EXERCISE GOAL -
Only some lines are wanted: please transcribe exactly those from the one containing "وشاركت المدربة رشا" through the end of the data, pictures excluded.

AVAILABLE DATA -
■ ■ ■

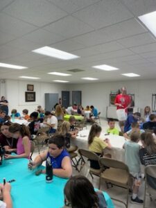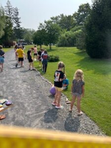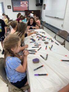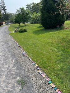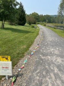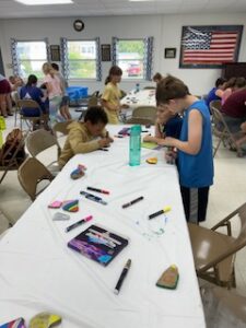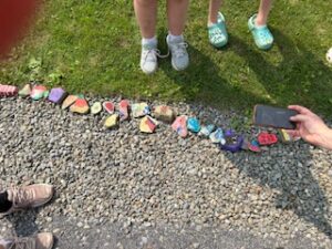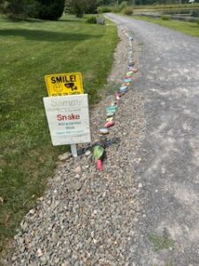 Painting rocks for the snake at the pond
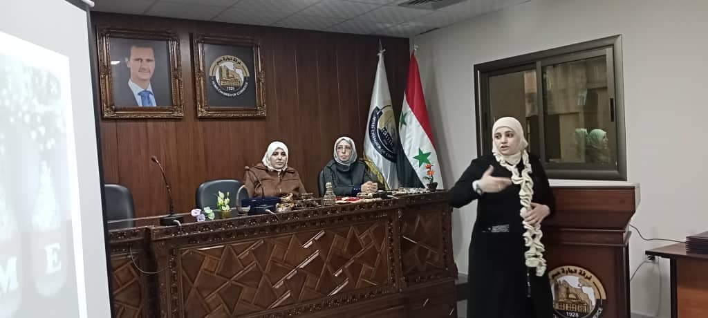 وشاركت المدربة رشا شمة بالحديث عن الأغراض اليدوية وأعمال الفن والديكور والزخرفة واستغلال التوالف من الكرتون والورق والبلاستيك وغيره.
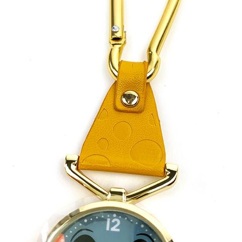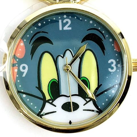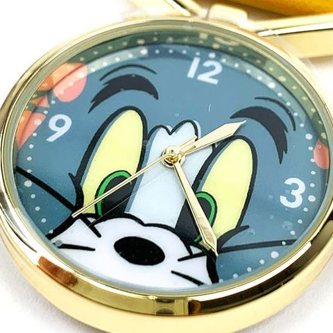 トムとジェリーのカラナビ付きでかばんなどに付けることが出来てかわいいウォッチ、合皮レザーの型押しもオシャレ♪文字盤サイズ:3.5cmΦ 全長サイズ:約11.5cm

■ ■ ■

FINISHED TASK -
 وشاركت المدربة رشا شمة بالحديث عن الأغراض اليدوية وأعمال الفن والديكور والزخرفة واستغلال التوالف من الكرتون والورق والبلاستيك وغيره.
 トムとジェリーのカラナビ付きでかばんなどに付けることが出来てかわいいウォッチ、合皮レザーの型押しもオシャレ♪文字盤サイズ:3.5cmΦ 全長サイズ:約11.5cm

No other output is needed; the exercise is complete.